Bacsinszky gets the Winszky for France
You know you watch too much goddamn tennis when you know that Kanepi of Estonia losing to Shvedova of Kazakhstan is an outright upset. I don’t even have TTC anymore! How do I know this! What’s your excuse!
Safin: straights, Verdasco: straights, Stepanek: straights, Ferrer: straights, Almagro: straights, Golubev: straights, Cilic: straights.

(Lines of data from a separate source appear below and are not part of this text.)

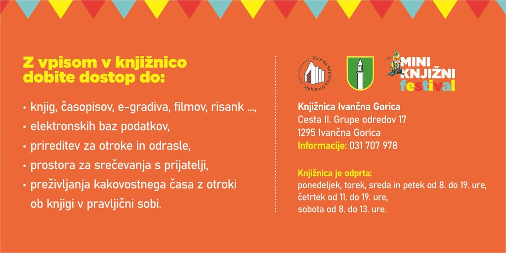 Knjižnica Ivančna Gorica v torek, 19.aprila, vabi pred knjižnico, kjer se bo odvijal Mini knjižni festival. V knjižnici bo veselo že dopoldne, ko nas bodo obiskale šolske skupine, popoldne (med 15.30 in 19. uro) pa se obeta glasbeni in animacijski program, otroke bo obiskal Nerodni Avguštin, lahko si boste ogledali kamišibaj, odprli bomo razstavo likovnih del, ki so nastala v Mali šoli umetnosti z Damijano Bijek, poleg tega boste lahko kupili naše knjige. Izkoristite priložnost in se tega dne tudi brezplačno vpišite v knjižnico. V primeru slabega vremena bomo na terasi za knjižnico. Dogodek je posvečen Slovenskemu tednu knjig, ki poteka v tednu pred 23. aprilom, ko praznujemo Svetovni dan knjige.
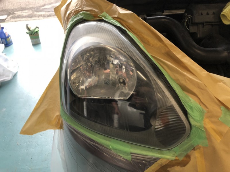 マスキングし、ヘッドライト磨き及びコーティング施工中(運転席側)
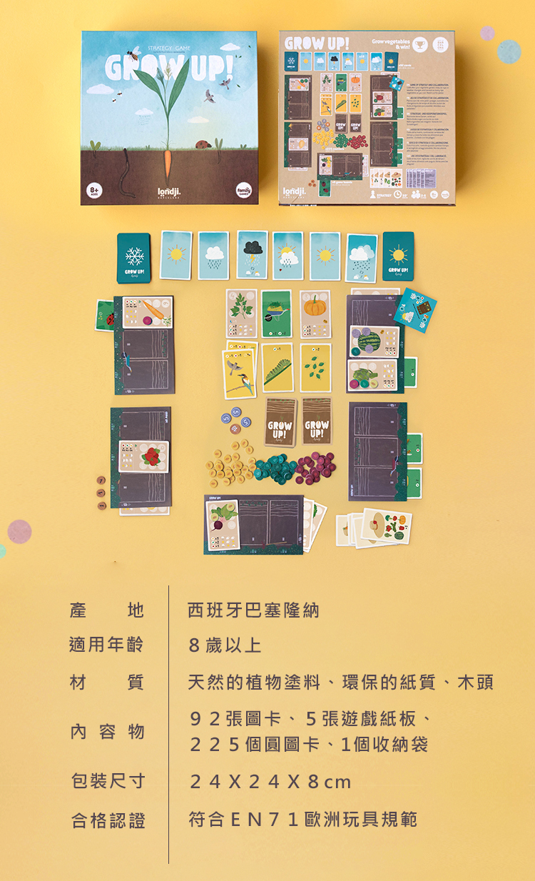 內容物:92張圖卡、5張遊戲紙板、225個圓圖卡、1個收納袋
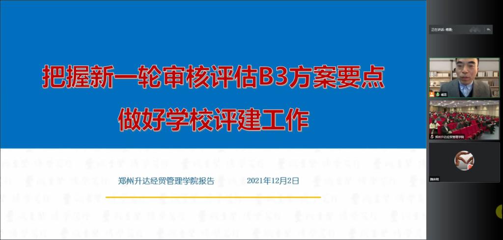 为迎接即将到来的教育教学审核评估,更好把握第二类第三种参评学校对应评估指标,12月2日下午,学校特邀安徽大学傅勇教授作题为《把握新一轮审核评估B3方案要点,做好学校评建工作》的专题报告。受疫情影响,此次报告采用线上直播形式进行。各单位科级及以上干部,各院(部)教学秘书、教研室主任、专业负责人,教务处、科研处、教学质量监测与评估中心全体人员,全体督导员在现场聆听了报告。此次报告由副校长吴益民主持。
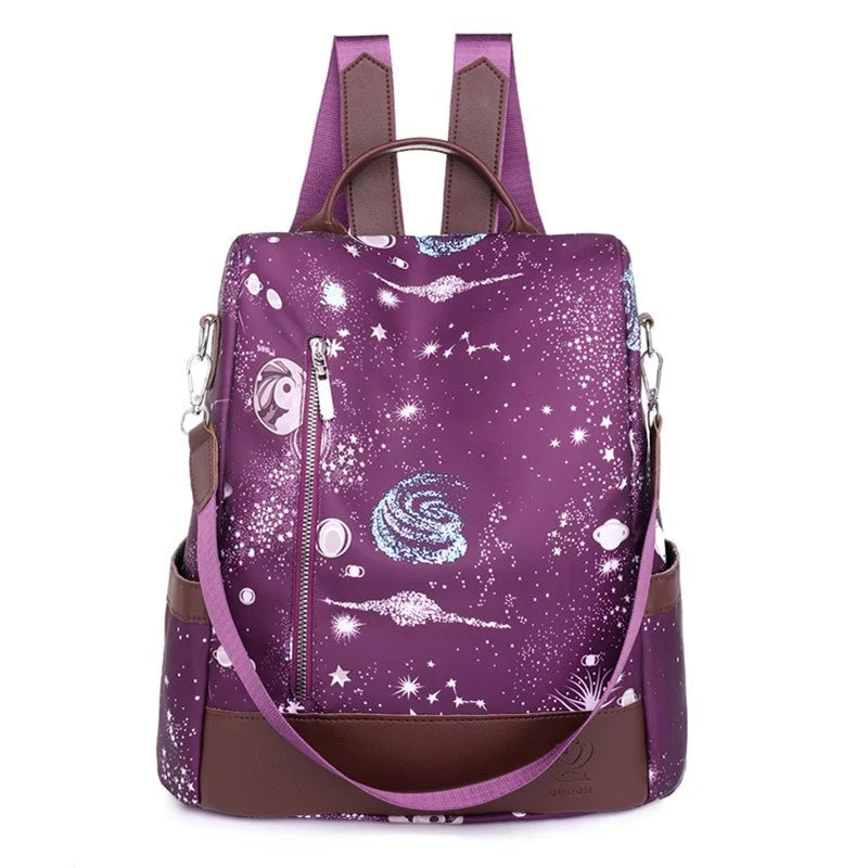 Stay stylish and secure with this Oxford waterproof backpack featuring a starry sky design. Perfect for students, it offers anti-theft features and ample storage.
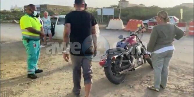 Diaranson atardi a drenta informe di un accidente cu hende levemente herida riba e caminda grandi pazuid di Palm Beach Plaza, mesora a dirigi tanto polis como ambulans na e sitio. Na yegada di e patruya ya caba ambulans tabata na e sitio y a atende e motociclista levemente heridA na e sitio mes. Locual a sosode ta cu ambos tabata bayendo zuid y e motociclista a bay pasa e auto y e auto a yega tuma un birada sin señal y sin spera a dal e motociclista bente abao y a herida su mes levemente na su pia.
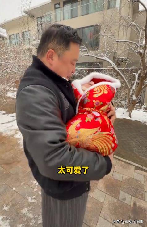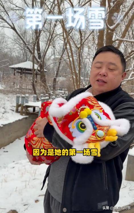 站在飘雪的院子里,阎鹤祥对着怀里的女儿轻声呢喃,嘴里念叨着 “下雪了,闺女,看不看看看雪?”,语气里的宠溺都要溢出屏幕。
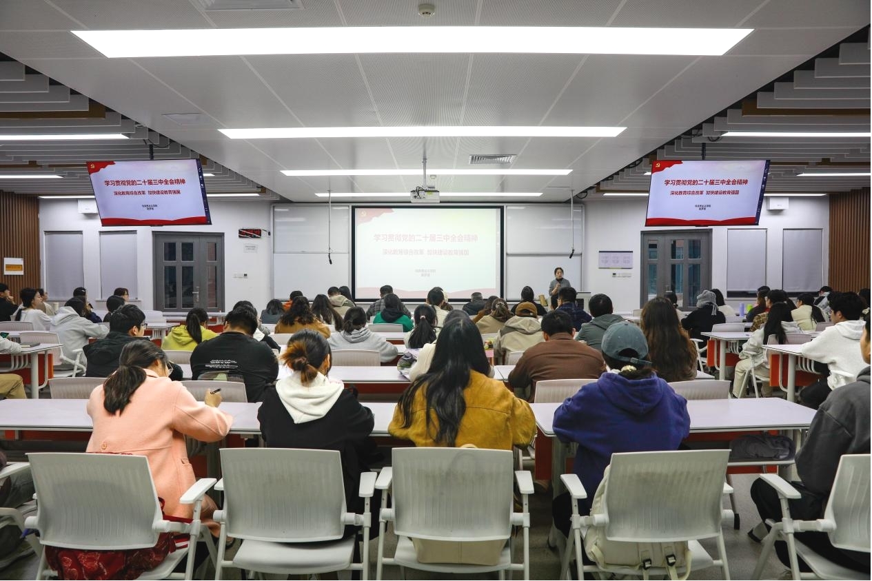 为深入学习贯彻党的二十届三中全会精神,推动会议精神在校园内落地生根,在师生中形成广泛共识,11月12日,仁智书院联合崇德书院于弘学楼F102举办了学习贯彻党的二十届三中全会精神讲座。
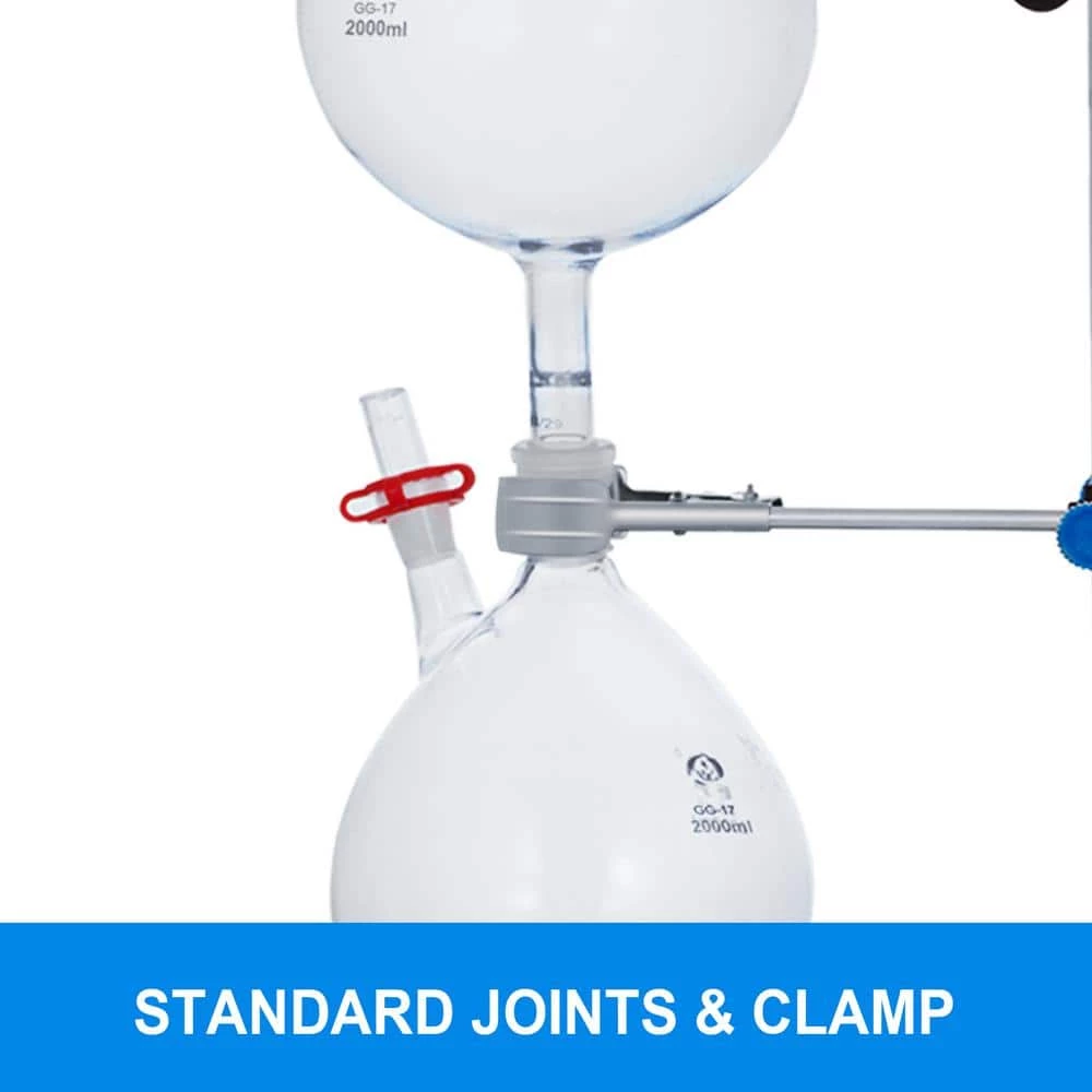 - High quality-all glassware is made of upgraded 3.3 borosilicate glass, hand blown and polished to achieve a perfect fit. The joints are all standard sizes. Includes a metal bracket with clips to secure the device firmly

I’m not sorry that Querry lost as his whole on-court demeanor and play depresses me quicker than a widowed double amputee stipper with the flu, but I do feel sorry for his continous bad luck with the draw, namely the first round. But I like Gulbis, so I’m pretty much torn, but not really, ’cause like I said, I don’t like the guy, so uh, Ahhaaahaaa! Gulbis had a cross court forehand winner that prompted Patrick (or someone) to yell the always loved “Hello!” He then followed that up with a forehand winner up the line that pretty much matched in flavor and texture.
My guy Lu of Taipei retired after losing the first set which took about 30 minutes. Lu, I like your crazy backwards hat attitude, and you look like a guy I used to skate with, but please get outta my face. I didn’t even see the match so I don’t know what happened but it better have been pretty goddamn extraordinary for me to take you back, like a piano dropped from the rafters (rafters they don’t have), or some type of Monica Seles stabbing type shit.
Tomorrow I hear there are more matches to be played. Good ones even. Allez!!!!